Making sure that we as a city have the trust of the citizens of Newburyport, MA could be essential in making sure Newburyport, MA has long term, vibrant and viable wind energy projects.

Small Wind

I am now intensely curious about the possibilities of wind turbines in populated areas, Newburyport and elsewhere. And with a small amount of Googling I come up with a website that claims to have all the world’s small wind turbines. At the moment the website lists 283 small wind turbines, from 118 manufacturers. Not only are there horizontal wind turbines (243), but there are also vertical (40) wind turbines. All of this fascinates me.

My favorite (and I have no idea how good it is) is the Helix Wind vertical wind turbine.

There’s even wind turbines that are lighting up a Times Square billboard.
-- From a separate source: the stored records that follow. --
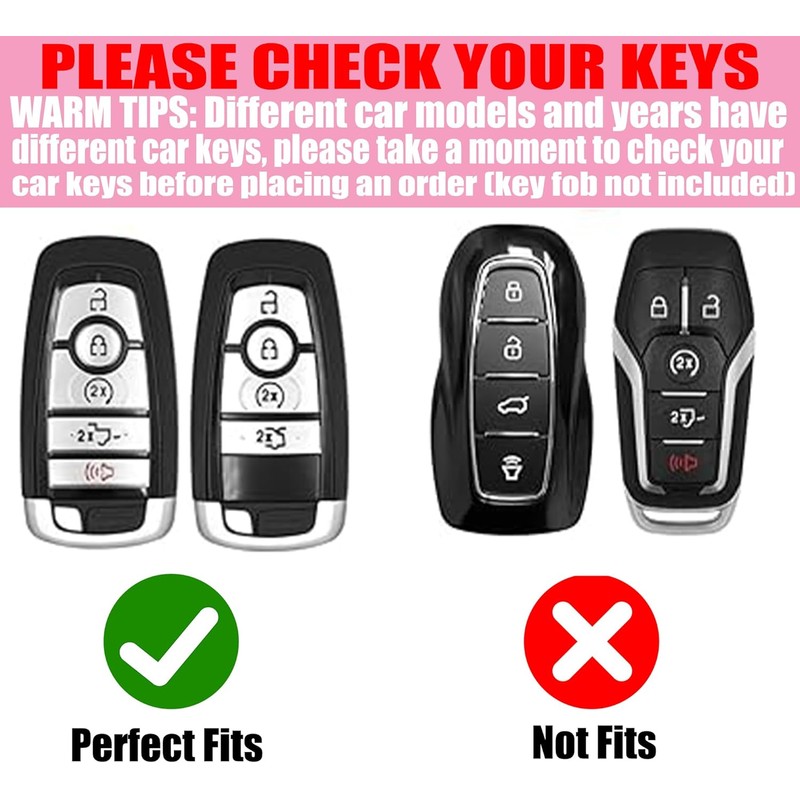 Fits Key Model: The key fob cover is compatible with Ford Explorer Fusion Escape Edge Expedition F150 F250 F350 F450 F550 Maverick Mustang 3/4/5 buttons smart key. The model is only for reference, please DOUBLE CHECK your key shape and button labels carefully to make sure it is the same as the second picture.(NOTE: same brand car may have different car key model.)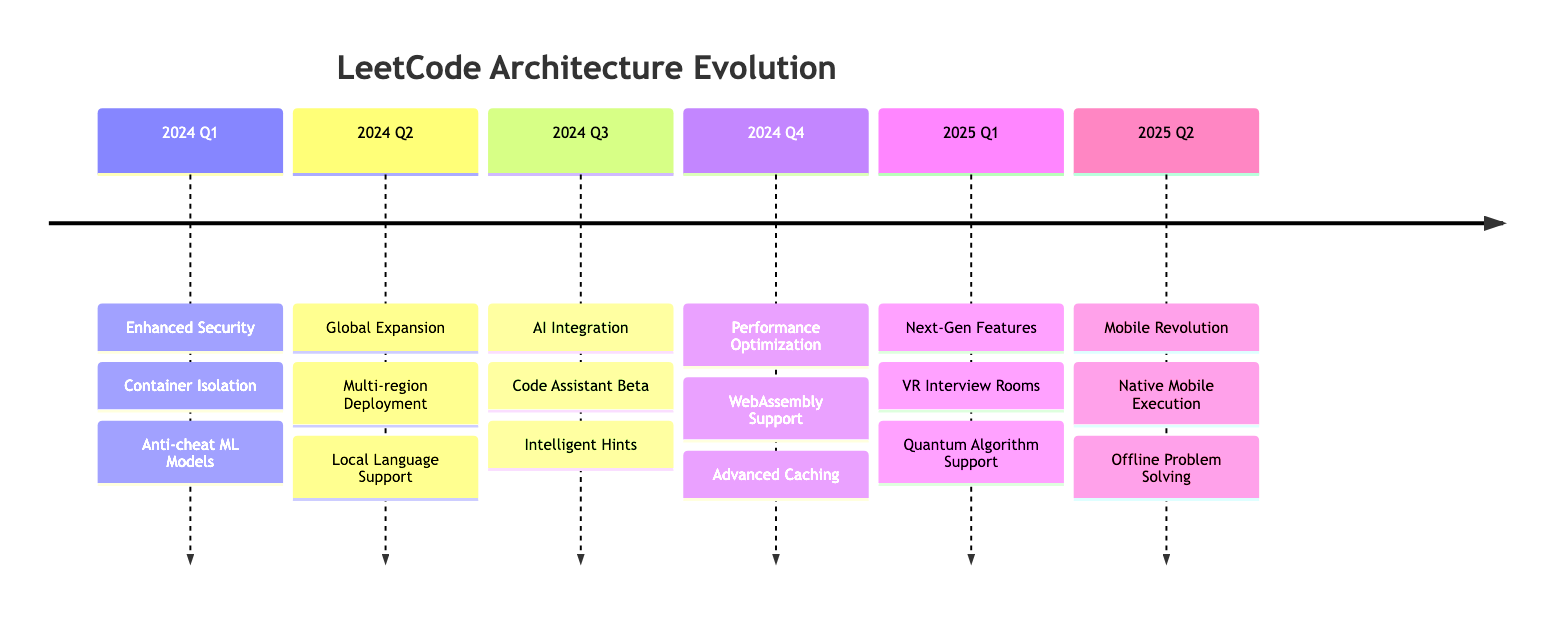 2024 Q1 Enhanced Security Container Isolation Anti-cheat ML Models 2024 Q2 Global Expansion Multi-region Deployment Local Language Support 2024 Q3 AI Integration Code Assistant Beta Intelligent Hints 2024 Q4 Performance Optimization WebAssembly Support Advanced Caching 2025 Q1 Next-Gen Features VR Interview Rooms Quantum Algorithm Support 2025 Q2 Mobile Revolution Native Mobile Execution Offline Problem Solving LeetCode Architecture Evolution 2024 Q1 Enhanced Security Container Isolation Anti-cheat ML Models 2024 Q2 Global Expansion Multi-region Deployment Local Language Support 2024 Q3 AI Integration Code Assistant Beta Intelligent Hints 2024 Q4 Performance Optimization WebAssembly Support Advanced Caching 2025 Q1 Next-Gen Features VR Interview Rooms Quantum Algorithm Support 2025 Q2 Mobile Revolution Native Mobile Execution Offline Problem Solving LeetCode Architecture Evolution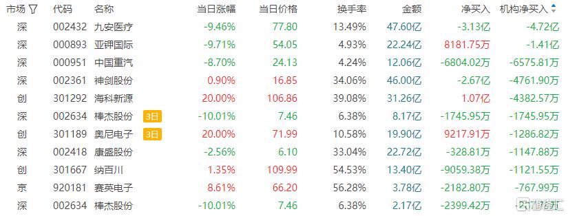 龙虎榜中涉及机构专用席位的个股中,当日净卖出额前三为九安医疗、亚钾国际、中国重汽,分别为4.72亿元、1.41亿元、6575.81万元。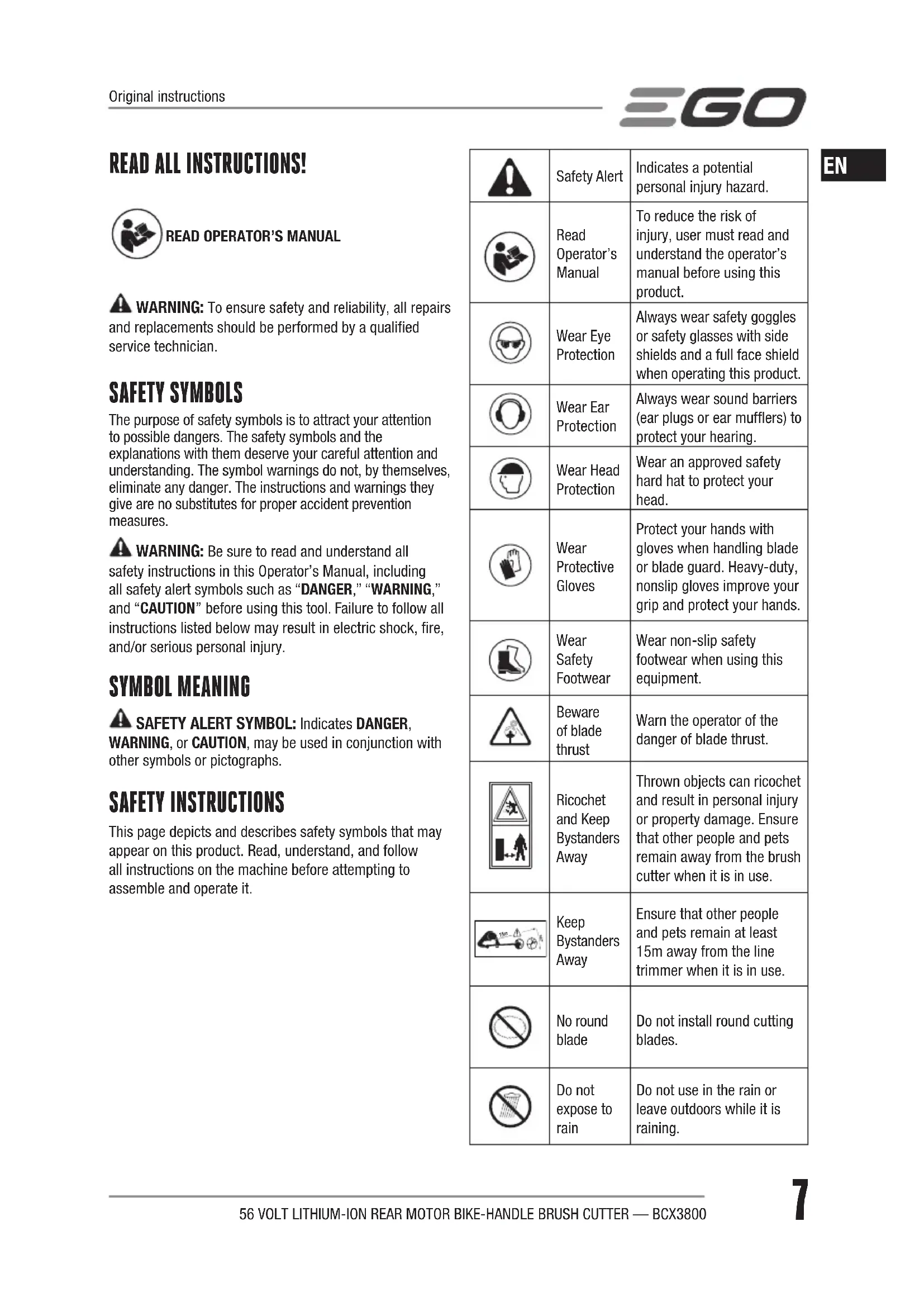 safety instructions in this Operator’s Manual, including all safety alert symbols such as “DANGER,” “WARNING,” and “CAUTION” before using this tool. Failure to follow all instructions listed below may result in electric shock, fire, and/or serious personal injury. SYMBOL MEANING SAFETY ALERT SYMBOL: Indicates DANGER, WARNING, or CAUTION, may be used in conjunction with other symbols or pictographs. SAFETY INSTRUCTIONS This page depicts and describes safety symbols that may appear on this product. Read, understand, and follow all instructions on the machine before attempting to assemble and operate it. Safety Alert Indicates a potential personal injury hazard. Read Operator’s Manual To reduce the risk of injury, user must read and understand the operator’s manual before using this product. Wear Eye Protection Always wear safety goggles or safety glasses with side shields and a full face shield when operating this product. Wear Ear Protection Always wear sound barriers (ear plugs or ear mufflers) to protect your hearing. Wear Head Protection Wear an approved safety hard hat to protect your head. Wear Protective Gloves Protect your hands with gloves when handling blade or blade guard. Heavy-duty, nonslip gloves improve your grip and protect your hands. Wear Safety Footwear Wear non-slip safety footwear when using this equipment. Beware of blade thrust Warn the operator of the danger of blade thrust. Ricochet and Keep Bystanders Away Thrown objects can ricochet and result in personal injury or property damage. Ensure that other people and pets remain away from the brush cutter when it is in use. 15m Keep Bystanders Away Ensure that other people and pets remain at least 15m away from the line trimmer when it is in use. No round blade Do not install round cutting blades. Do not expose to rain Do not use in the rain or leave outdoors while it is raining. Original instructions56 VOLT LITHIUM-ION REAR MOTOR BIKE-HANDLE BRUSH CUTTER — BCX38008

It sounds like this is becoming a fairly competitive industry, and that wind turbines that are Newburyport balanced friendly (see earlier entries) are a pretty good possibility.

And, I guess not surprisingly, what I read on many of the websites, are that the residential wind turbines are being developed because there has been “resistance” in populated communities, such as Newburyport, MA to huge 300 foot wind turbines.

So there is an alternative or a soon to be alternative out there, which makes me happy. The idea of Newburyport historic preservationists pitted against Newburyport environmentalists seems counterproductive, and it looks like there could be a possibility of having a long term a win-win situation.

Residential Wind Turbines

In thinking about wind turbines and scale and balance for our historic Newburyport, MA city, it seemed to me that we would not be the only place feeling somewhat conflicted about having huge wind turbines in residential areas (vast understatement).

And we now have a president who A) believes in science and B) thinks clean-green energy is a good thing, and is rigorously promoting wind energy. So why wouldn’t President Obama’s administration want to address the issue of smaller wind turbines for populated areas. Great entrepreneurial potential, huge market, lots of jobs.

And in a brief Google of small residential wind turbines, there are lots of folks beginning to wrestle with a solution.

We’ve had antennas on historic Newburyport roofs for many, many years. It would not be so far fetched to imagine effective wind turbines on a residential scale in years (who knows, months?) to come. So down the line there maybe a compromise between huge 300 foot wind turbines and something more manageable wind-wise for a Newburyport historic place.

An Obama-time, Obama-moment, full of Obama type possibilities.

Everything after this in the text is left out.